Marksans Pharma Subsidiary Gains UK MHRA Approval for Cetirizine
Filing Summary
Marksans Pharma Ltd announced that its UK-based wholly owned subsidiary, Relonchem Limited, has received Marketing Authorization from the UK Medicines and Healthcare products Regulatory Agency (MHRA) for its product Cetirizine Dihydrochloride 1 mg/ml Oral Solution. This authorization allows Relonchem to market the product in the UK. Marksans Pharma is engaged in the research, manufacturing, and marketing of generic pharmaceutical formulations globally, with facilities approved by major regulatory agencies.
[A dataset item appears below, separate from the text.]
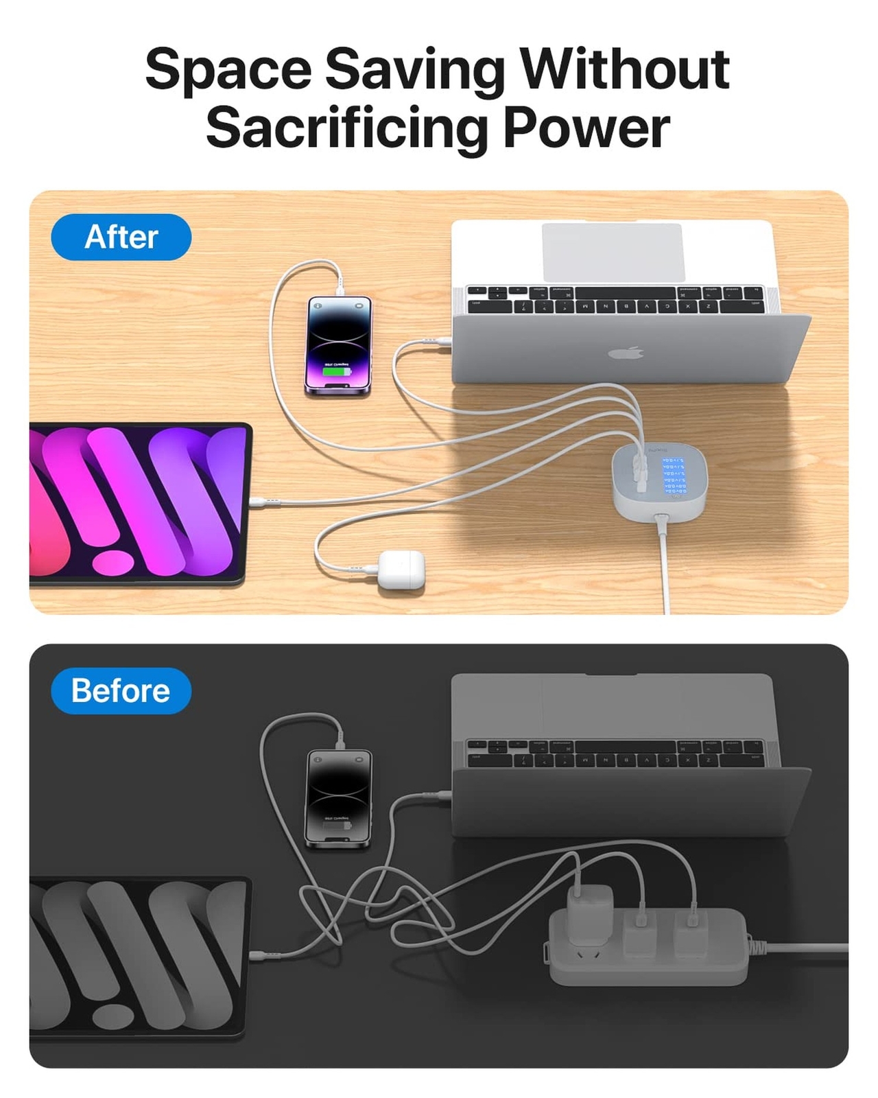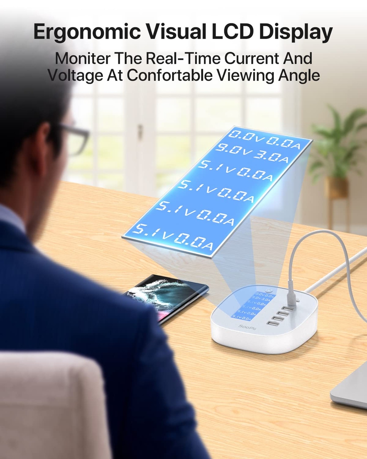 SooPii USB-C Charger 65W, 6 Port USB Charging Station with Real-time LCD Display in Charging, with Dual USB-C Ports PD/PPS Fast Charging Compatible for MacBook,USB C Laptops,Tablet and Phones. Product Details Style: 65W USB Charger Brand: SOOPII MPN: DC20 EAN: 6971008014617 UPC: Does not apply Brand: SOOPII Connectivity Technology: Wired Connector Type: USB-A+USB-C Compatible Devices: Smartphones, Headphones, Tablets, Monitors, Smartwatches Compatible Phone Models: LPhone 15/15 Pro/15 Plus/15 Pro Max/lPhone 13 / 13 Mini / 13 Pro / 13 Pro Max / lPhone 12 / 12 mini / 12 Pro / 12 Pro Max / lPhone SE 2020 / 11 Pro Max / 11 Pro / XR / Xs Max / Xs / X / 8 Plus / 8 / Samsung Note 10+ / 9 / S21 / S20 Ultra / S20+ / S20 / S10+ / S10e / S10 / S9+ / S9 / Samsung Z Flip / Google Pixel 4XL / 4 / 3XL / 3 / LG G7/V40 / Sony XZ3/Xperia 1 / iPad 10.2-inch / iPad mini 8.3-inch / iPad Pro 12.9” 2020 / iPad Pro 11” 2020 / iPad Pro 12.9” 2018 / iPad Pro 11” 2018 / iPad mini 5 / MacBook Pro 13’’ 2019 / MacBook Pro 16 / MacBook Air 2020 / MacBook Air 2018 / Microsoft Surface Pro 6 / HP Spectre x2 12" / HP Spectre x360 2019 / HP Spectre Folio / HP PavGaming / Samsung Notebook 9 / Google Pixelbook / Dell XPS 13 9360 / Dell XPS 13 9380 / ThinkPad X1 / ThinkPad X390 / ThinkPad E490LPhone 15/15 Pro/15 Plus/15 Pro Max/lPhone 13 / 13 Mini / 13 Pro / 13 Pro Max / iPhone 12 / 12 mini / 12 Pro / 12 Pro Max / lPhone SE 2020 / 11 Pro Max / 11 Pro / XR / Xs Max / Xs / X / 8 Plus / 8 / Samsung Note 10+ / 9 / S21 / S20 Ultra / S20+ / S20 / S10+ / S10e / S10 / S9+ / S9 / Samsung Z Flip / Google Pixel 4XL / 4 / 3XL / 3 / LG G7/V40 / Sony XZ3/Xperia 1 / iPad 10.2-inch / iPad mini 8.3-inch / iPad Pro 12.9” 2020 / iPad Pro 11” 2020 / iPad Pro 12.9” 2018 / iPad Pro 11” 2018 / iPad mini 5 / MacBook Pro 13’’ 2019 / MacBook Pro 16 / MacBook Air 2020 / MacBook Air 2018 / Microsoft Surface Pro 6 / HP Spectre x2 12" / HP Spectre x360 2019 / HP Spectre Folio / HP PavGaming / Samsung Notebook 9 / Google Pixelbook / Dell XPS 13 9360 / Dell XPS 13 9380 / ThinkPad X1 / ThinkPad X390 / ThinkPad E490 See more Included Components: 1*SooPii 65W Charging Station, 1*Power cord,1*User manual Cable Length: 3 Yards Special Feature: Ergonomic Visual LCD Display,High-Speed 45W USB-C Charging,2 USB-C Port,4 USB-A Port Color: White Input Voltage: 120 Volts Product Dimensions : 4.2 x 4.22 x 2.07 inches; 9.74 ounces Item model number : DC20 Date First Available : September 1, 2022 Manufacturer : SOOPII Country of Origin : China Best Sellers Rank: #125,444 in Cell Phones & Accessories (See Top 100 in Cell Phones & Accessories) #1,443 in Cell Phone Charging Stations #1,443 in Cell Phone Charging Stations Customer Reviews: 4.3 4.3 out of 5 stars 297 ratings Charge 6 Devices SimultaneouslyWith two USB-C ports and four USB-A ports offering total 65W of power, you can charge your phone, tablet, laptop, and more all at the same time. Lightweight and Compact Design,always Save Space on Your Desk, ideal charging companion for your home, office and business travelling. High-Speed USB-C ChargingWith PD/PPS(Programmable Power Supply) protocol,charge notebooks in high-speed at 45W max output from single USB-C port.When using both USB-C ports, total output will be 40W (20W + 20W). Ergonomic Visual LCD DisplayHigh-Resolution LCD Display Screen to show real-time Voltage and Current from each port in Charging. With its Slope Ergonomic Design, you can always monitor the charging status at your Comfortable Viewing Angle. And you can turn on/off the display with the round switch on the top. Multi Safety and ProtectionSooPii USB wall charger with UL certified.Built-in overcharge,over-current,overheat,overload and short circuit protection, ensure all-round protection your devices and greatly extend the battery life for your devices. What You Get In Box 1*SooPii 65W Charging Station, 1*Power cord,User manual, our worry-free 24-month warranty, and friendly Customer Service.
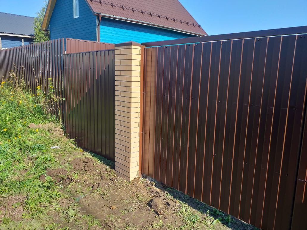 Заборы и ограждения из профнастила с кирпичными столбами 50 метров в Кашире

Marksans Pharma Ltd announced that its wholly owned subsidiary, Relonchem Limited, based in the UK, has received Marketing Authorization from the UK Medicines and Healthcare products Regulatory Agency (MHRA) for its product, Cetirizine Dihydrochloride 1 mg/ml Oral Solution. This authorization permits the marketing of the product in the UK.
The announcement was made on November 20, 2025. The authorization is specific to the oral solution form of Cetirizine Dihydrochloride at a concentration of 1 mg/ml. The product is intended for use in the UK market following this regulatory approval.
Marksans Pharma Ltd is engaged in the research, manufacturing, and marketing of generic pharmaceutical formulations in global markets. The company operates manufacturing facilities in India, the USA, and the UK, which are approved by several leading regulatory agencies, including the USFDA, UKMHRA, and Australian TGA. Marksans Pharma’s product portfolio includes major therapeutic segments such as cardiovascular, central nervous system, anti-diabetic, pain management, gastroenterological, anti-allergies, upper respiratory, oncology, and antibiotics. The company markets these products globally.